For your final report, compare and contrast each of the five clustering methods. You may choose to use your XLSTAT output or use Tableau/other software to make a prettier graph. Tell your story using your preferred clustering method, and how the clustering supports that story. Who are these groups? What does this clustering tell us about the people in Oregon? How could a business or entrepreneur use their understanding of this clustering story to further their goals?

Rubric for Project (40 points)

Maximum 5 points total if your variables are not quantitative! You must have two quantitative variables!

15 points: at least 5 different scatter plot graphs, all using the same basic variables (Step 1) but different clustering choices (Step 3). Data process and data product both discussed, particularly for Method 5. Clusters must vary, and at least one method shouldn’t be “just stripes,” e.g. both variables should matter.

10 points: your narration of the progression of your thinking (data process story).

5 points: Instructor’s subjective take on the product story. Was it gripping, interesting, well done?

5 points: graph conventions, labels, etc.

5 points: conventions: correct punctuation, sentences, etc.

Data Note: Be careful about the “Person’s Weight” variable. This does not mean “how much this person weighs” it means “how much weight to assign this person’s answers.” If you’re curious (not required) you can read about statistical weighting here: http://www.applied-survey-methods.com/weight.html (Links to an external site.).

https://help.xlstat.com/s/article/agglomerative-hi…

https://help.xlstat.com/s/article/k-means-clustering-in-excel-tutorial?language=en_US (Links to an external site.)

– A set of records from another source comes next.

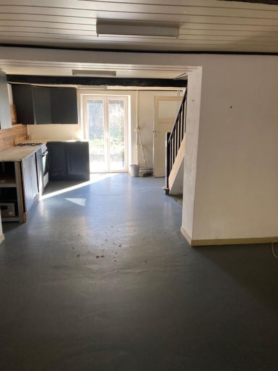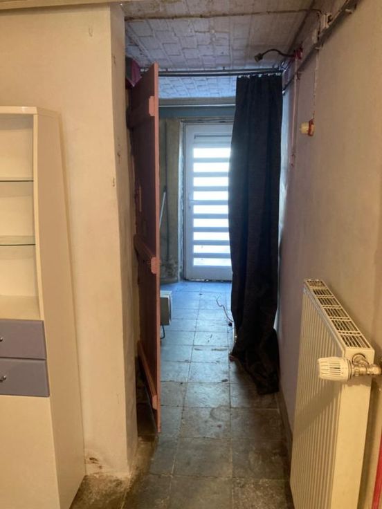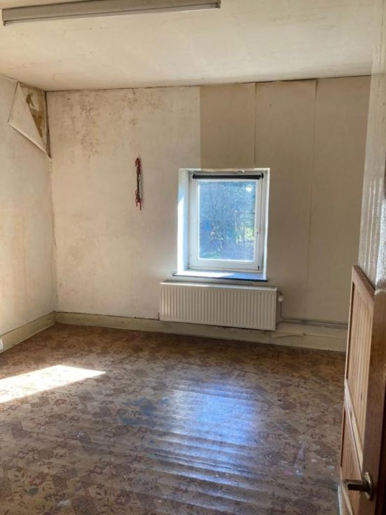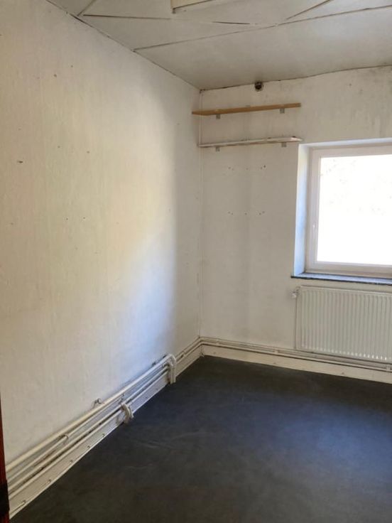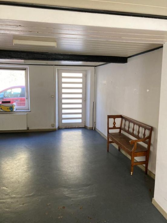 Maison mitoyenne avec jardin, à rénover, sise à Jemelle, rue du Congo 5. Contenance de 2 ares 24 centiares. La maison est composée, au rez-de-chaussée, de pièces de vie et de sanitaires, à l’étage de quatre pièces à usage de chambres, bureau ou autre, et au second étage, sous le toit, d’un grenier présentant un beau volume. Située à proximité des commerces et écoles.
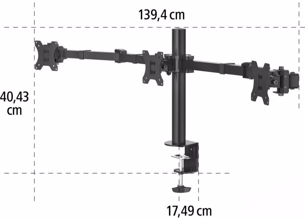 Hama предлага тази висококачествена стойка за монитори, която може да поддържа до три монитора с размери от 13 до 27 инча. Тя е идеалното решение за потребители, които имат нужда от повече работно пространство и искат да организират мониторите си по ефективен начин.
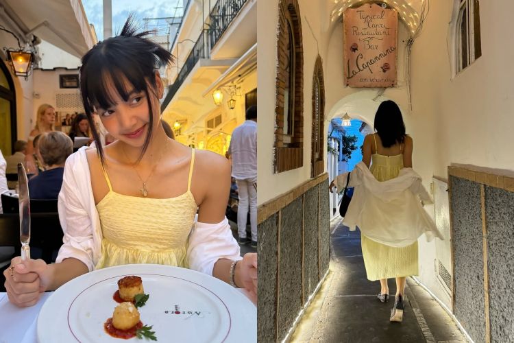 這套黃色細肩帶洋裝,本身線條簡單、色彩清新,若單穿容易偏向度假或居家感。Lisa選擇在造型中加入輕薄白色外搭,刻意不完整穿好,而是自然披掛在肩上,讓洋裝在行走之間多了一層流動感,也替肩頸線條留出呼吸空間。作為視覺節奏的調節,讓洋裝從白天延伸到夜晚餐敘都依然成立。對於細肩帶或柔軟材質的洋裝來說,適度加入外搭,是讓造型更耐看、也更有場景感的關鍵。
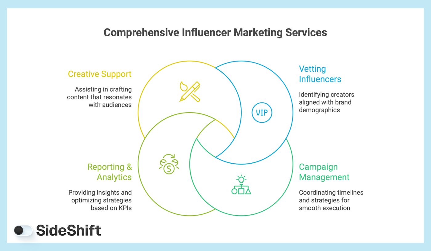 At SideShift, we help creators and brands come together for fun and creative influencer marketing campaigns that drive real engagement and measurable ROI. In our experience, influencer marketing isn’t optional in 2025. It’s the most efficient and effective hybrid push-and-pull marketing strategy that's redefining how businesses connect with a wide range of audiences and highly targeted customers.
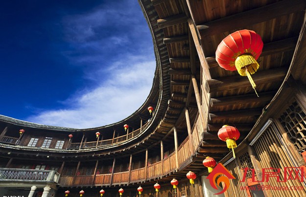 土楼:是利用未经焙烧的按一定比例的沙质黏土和黏质沙土拌合而成的泥土,以夹墙板夯筑而成墙体(少数以土培砖 砌墙)、柱梁等构架全部采用木料的楼屋,简言之,就是以生土版筑墙作为承重系统的任何两层以上的房屋。
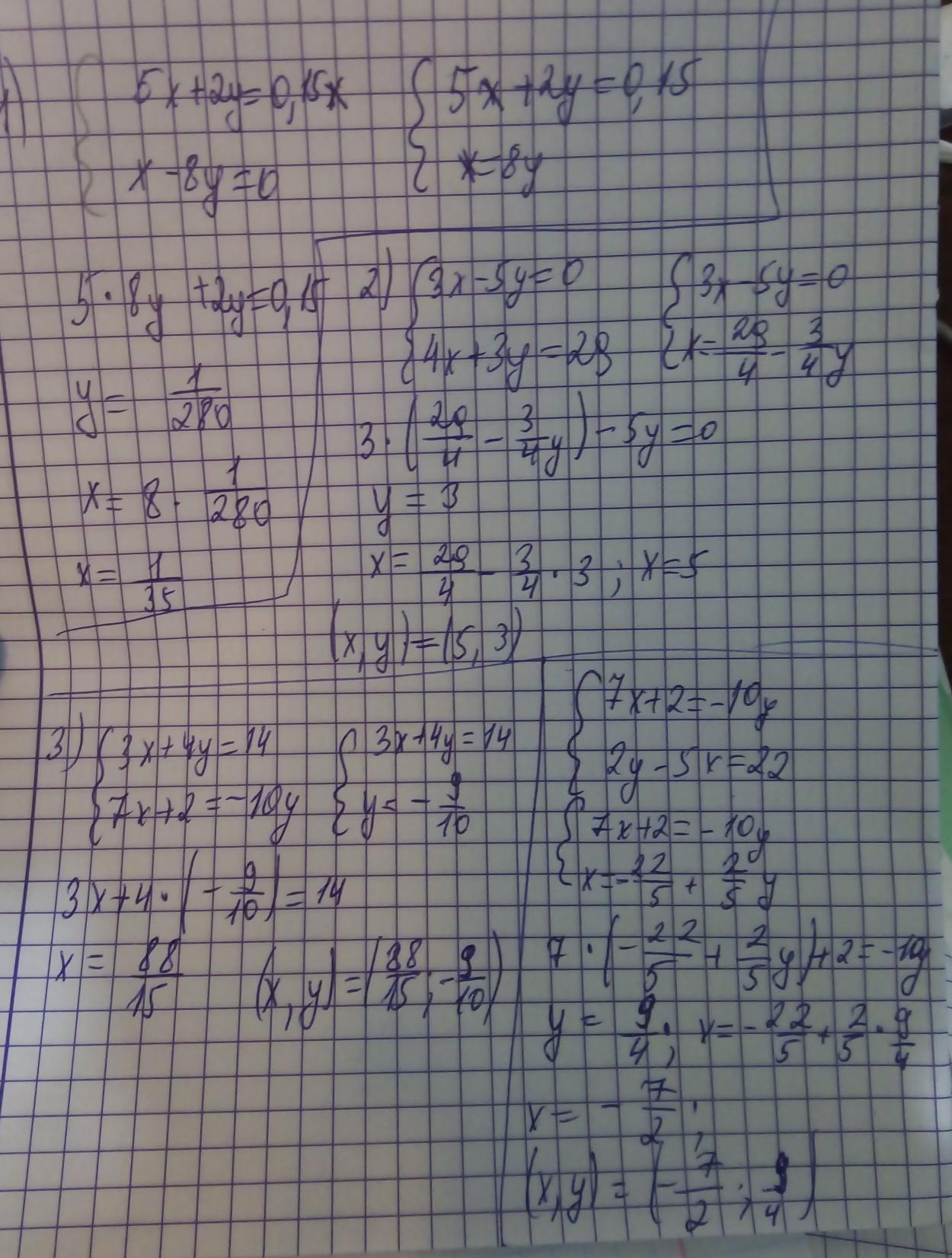 решите системы уравнений: а) 5х+2у=0,15х-8у=0; б) 3х-5у=0, 4х+3у=29; в) 3х+4у=14, -3х+3у=25; г) 7х+2=-10у, 2у-5х=22:
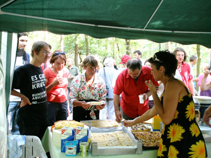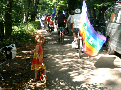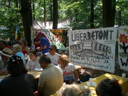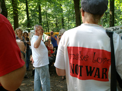 Mit leichter Verspätung -"das ist von Frankfurt ja weiter weg als wir dachten"-trafen am Nachmittag des 5.8. fünfundzwanzig RadfahrerInnen im Kelsterbacher Wald ein. Die meisten Räder waren mit der bekannten Regenbogen-Friedensfahne ausgerüstet. Die DFG-VK Bayern führt jährlich eine Fahrradtour durch, auf der sie militärische Brennpunkte, aber auch Orte gelungener Rüstungskonversion und Plätze zivilen Ungehorsams besucht.
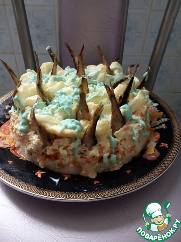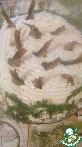 [+5]Очень, очень вкусный салатик-пруд получился! Только мои хвостики-рыбки уплыли в рот акуле...муж заглянул на кухню! Ну что тут пожелаешь???? Пришлось морковку поставить. А может это у меня рыбки модные, крашеные!!!
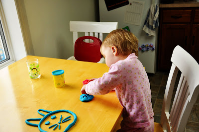 We've had a number of days, all in a row, filled with rain. So... out comes the Play Doh! Yes... Alia's still in her pajama's. And it's 3 pm in the afternoon. Don't worry, we changed her into her clothes before Daddy got home! :) That's what rainy days are all about, right? Right?!?
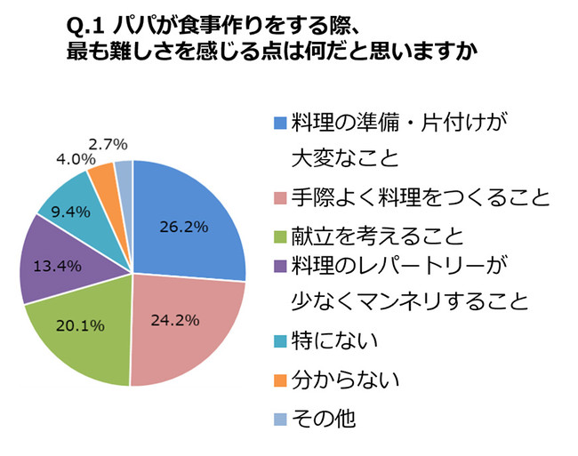 その一方で、パパは料理に対して、準備や片付けに手間がかかることや手際のよさに難しさを感じていることが明らかになりました(Q.1参照)。その他にも予算内で買い物をすることの難しさやパパが食事をつくるとカロリーが高くなってしまうとの声もあがるなど、さままな点で難しさがあることがわかりました。
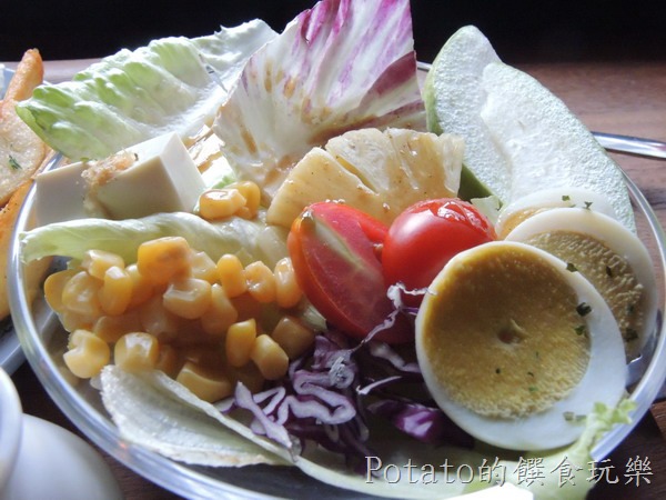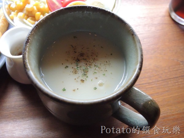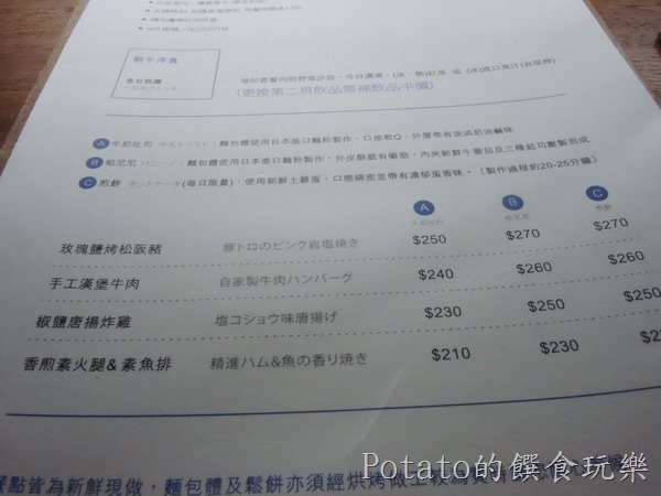 全日早午餐內容有野菜沙拉、濃湯&餐後飲品(冰熱紅茶or美式,其他補半價)麵包有3種可選,牛奶吐司、帕尼尼及煎餅。主食有4種可選,豬、牛、雞肉&素火腿魚排,主食+麵包換算下來有12種選擇。
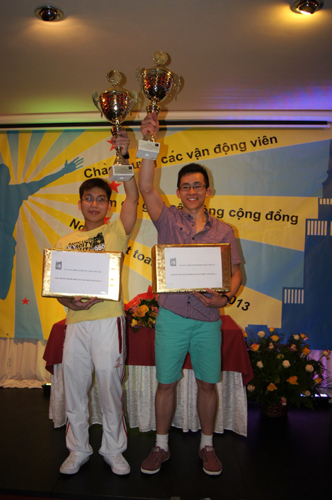 Các ông Lương Quang Chỉnh, bí thư thứ nhất phụ trách công tác Cộng đồng và Lê Thiết Hùng, chủ tịch Hội NVNTBL đã đến dự, tặng quà và chúc mừng các vận động viên.
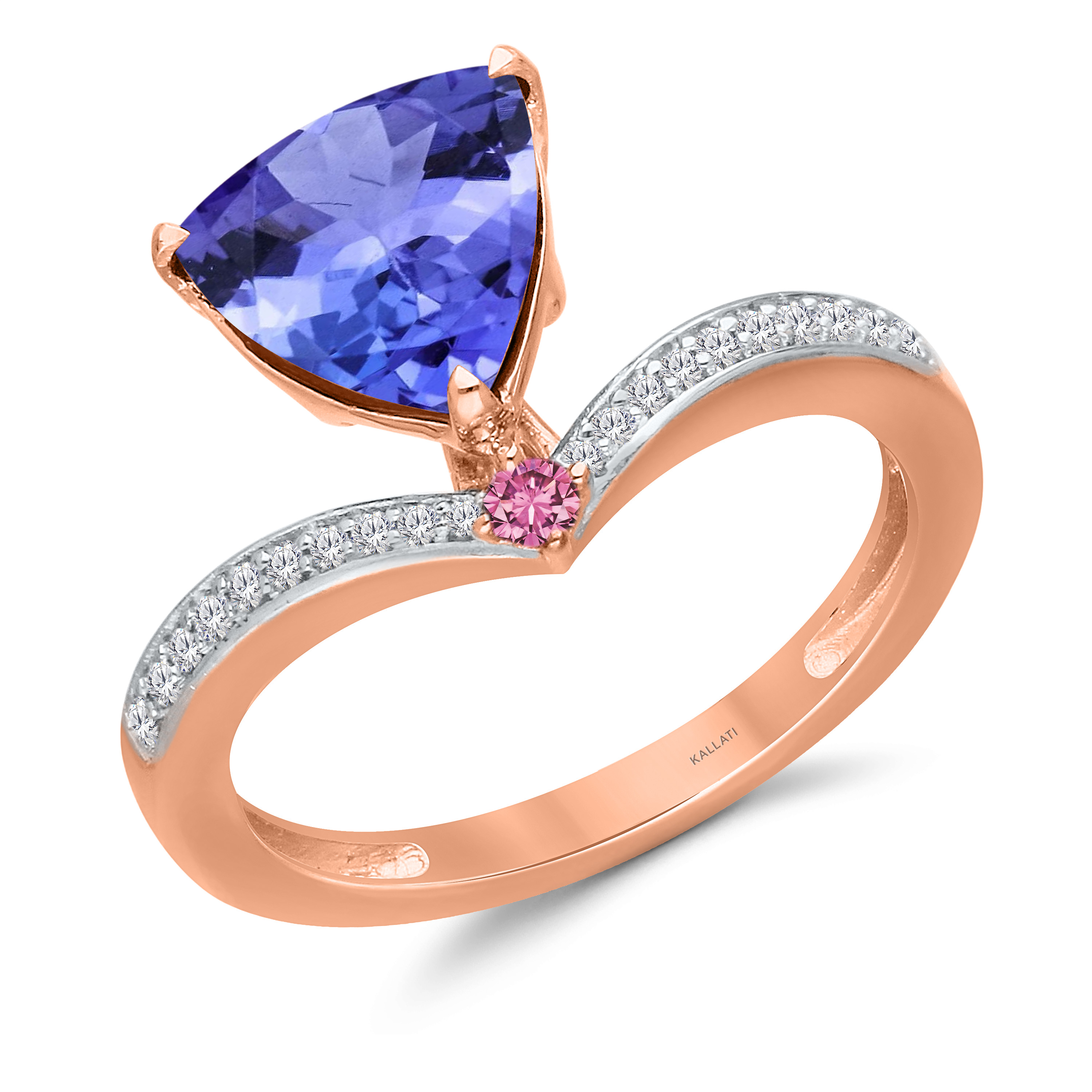 14K ROSE GOLD TANZANITE WITH PINK SAPPHIRE & WHITE

https://help.xlstat.com/s/article/scatter-plot-with-confidence-ellipses-in-excel?language=en_US

Requirements: around 3 pages   |   .doc file

## Calculate the price of your order

550 words
We'll send you the first draft for approval by September 11, 2018 at 10:52 AM
Total price:
\$26
The price is based on these factors:
Number of pages
Urgency
Basic features
• Free title page and bibliography
• Unlimited revisions
• Plagiarism-free guarantee
• Money-back guarantee
On-demand options
• Writer’s samples
• Part-by-part delivery
• Overnight delivery
• Copies of used sources
Paper format
• 275 words per page
• 12 pt Arial/Times New Roman
• Double line spacing
• Any citation style (APA, MLA, Chicago/Turabian, Harvard)

# Our guarantees

Delivering a high-quality product at a reasonable price is not enough anymore.
That’s why we have developed 5 beneficial guarantees that will make your experience with our service enjoyable, easy, and safe.

### Money-back guarantee

You have to be 100% sure of the quality of your product to give a money-back guarantee. This describes us perfectly. Make sure that this guarantee is totally transparent.

### Zero-plagiarism guarantee

Each paper is composed from scratch, according to your instructions. It is then checked by our plagiarism-detection software. There is no gap where plagiarism could squeeze in.

### Free-revision policy

Thanks to our free revisions, there is no way for you to be unsatisfied. We will work on your paper until you are completely happy with the result.